Filtering and indexing by dates allows you to **select rows based on specific time periods**, such as a particular date, month, year, or date range. It also includes using **datetime indexes** to slice datasets more efficiently.

#### 📌 When to use:

* When analyzing **time-bounded subsets** of data (e.g., all records from July 2024).
* When preparing **monthly, quarterly, or yearly reports**.
* When working with **time-series forecasting**, which often requires cutting timeframes.
* When your datetime column is **set as index**, it enables **date slicing** similar to numerical slicing.

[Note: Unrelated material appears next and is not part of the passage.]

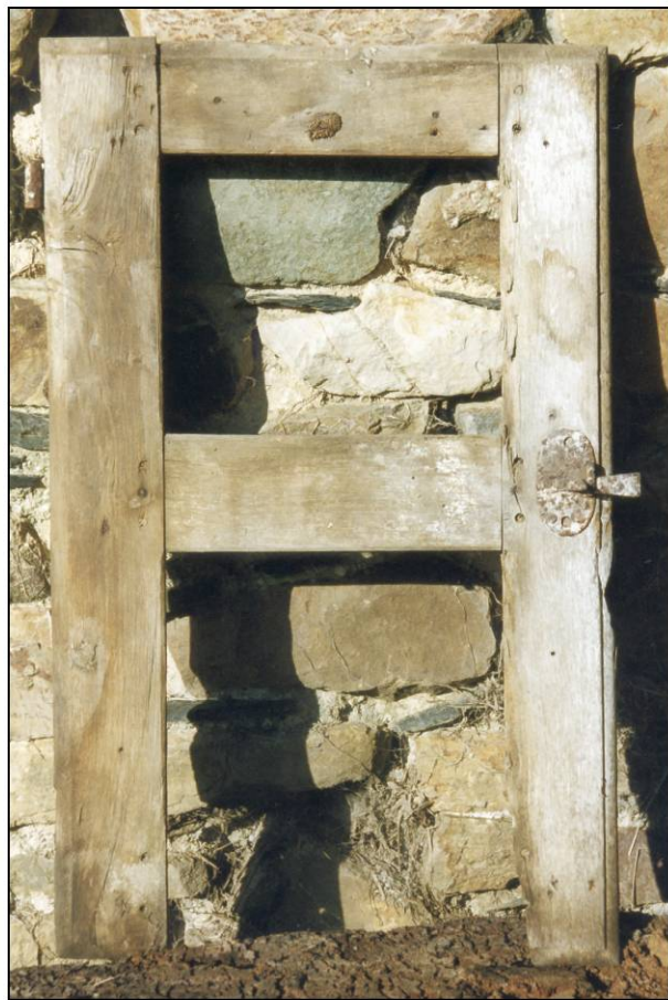
Fig. 1.5. Volet inf. (élévation int.)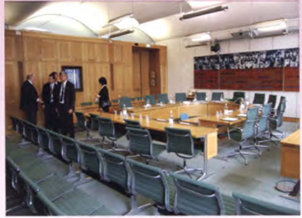
ห้องประชุมกรรมาธิการ

### 🧾 2. Syntax and Core Parameters

There are **two primary modes**:

#### ✅ 1. **Boolean Filtering (with datetime column)**

```python
df[(df['date'] >= '2024-01-01') & (df['date'] <= '2024-03-31')]
```

#### ✅ 2. **Datetime Index Filtering** (using `.loc[]`)

```python
df.loc['2024-01-01']                   # specific date
df.loc['2024-01']                      # whole month
df.loc['2024']                         # whole year
df.loc['2024-01-01':'2024-03-31']      # range
```

> ✅ Make sure `df.index` is a `DatetimeIndex` for `.loc[]` slicing to work like this.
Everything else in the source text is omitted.